The size of dust particles is different, its physical and chemical properties are different, which not only shows different hazards to people and the environment, but also has a great impact on the dust removal performance of the dust collector, so the size of the dust is the basic characteristic in the dust removal technology. The meaning and representation of dust size should be clearly defined.
1. The structure and shape of the dust.
Dust has different shapes and structures depending on the way it is generated.
a) The structure and morphology of a single particle.
Only in a few cases are dust particles spherical (plant pollen, bracts, etc.) or other regular shapes. For irregularly shaped dust particles, they can be divided into:
1) Particles with the same linear scale in all directions, such as regular polygons, regular cubes, etc.
2) Plate-like particles are much longer in both directions than in the third direction, such as flakes, leaves, scales.
3) Needle-like particles are much longer in one direction than in the other two.
b) The shape of the polymer.
Polymers are generally formed by the polymerization of two or more or even millions of particles. The smaller the primary dust particles, the more obvious the aggregate is in the gas**. With the decrease of the particle size of the primary particles, the greater the possibility of condensation due to the random wave movement of the particles, the strength of the polymer after condensation also increases, and the effect of anti-turbulent diffusion is also very strong.
1) Same length in each direction.
2) Linear chains.
iii) Spherical coefficient.
When determining the average particle size of a particle population and studying the aerodynamic behavior of the particles, the particles are generally assumed to be spherical in shape. For non-spherical irregular particles, the concept of "spherical coefficient" is usually used to indicate the degree to which they are inconsistent with spherical particles, or to make necessary corrections to the rationale obtained by spherical particles.
Spherical coefficient: Refers to the ratio of the surface area of a spherical particle of the same volume to the actual surface area. For spherical particles 1, while for non-spherical particles it is always less than 1. For example, the octahedron 0846, regular cube 0806, tetrahedron 0670, regular cylinder 262(l d)2 3(1+2l d), where d represents the diameter of the cylinder and l represents the length of the cylinder. The values of some of the materials measured by the experiment are shown in Table 3-1.
Table 3-1 Sphericity of particles.
Second, the particle size of the dust.
a) The particle size of a single particle.

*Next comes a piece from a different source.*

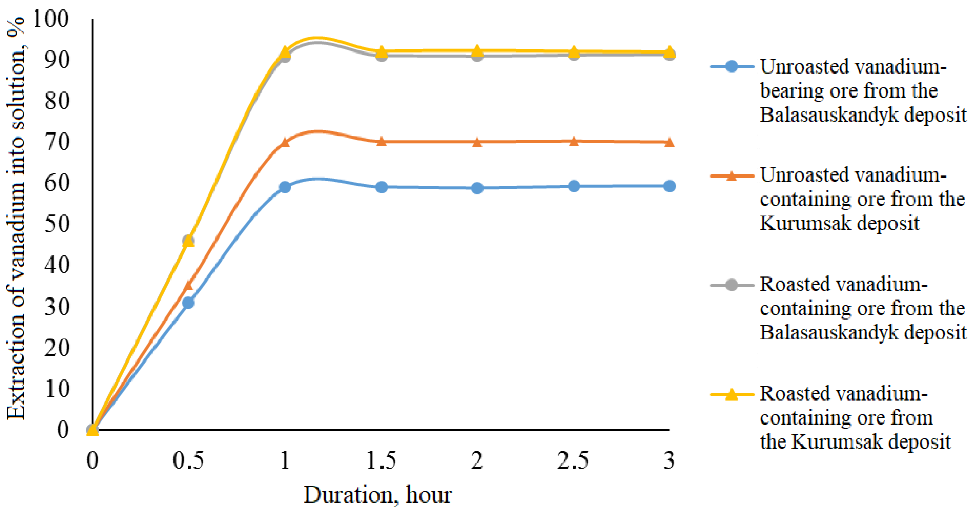 Experiments to determine vanadium extraction into solution depending on the duration of electrochemical oxidation were conducted at the following time intervals: 0.5, 1.0, 1.5, 2.0, 2.5, and 3.0 h. The obtained results are presented in

The shape of dust particles is generally very irregular, and only a few are in the shape of regular crystals or spheres. For spherical particles, the diameter of the ball can be used as a representative size of the particle size and is called the particle size. For irregularly shaped particles, the particle size is determined according to the determination method to determine the best representative size of the particle.
The methods for determining and defining particle size can be summarized into two categories: one is directly determined and defined according to the geometric properties of the particles, such as microscopy and sieving; The other type is indirectly determined and defined according to a certain physical property of the particle, such as sedimentation method and light scattering method. Depending on the method of measuring and defining particles, the particle size values obtained are also different, and it is difficult to compare them with each other. In practice, the method of particle size determination and definition is mostly selected according to the purpose of the application.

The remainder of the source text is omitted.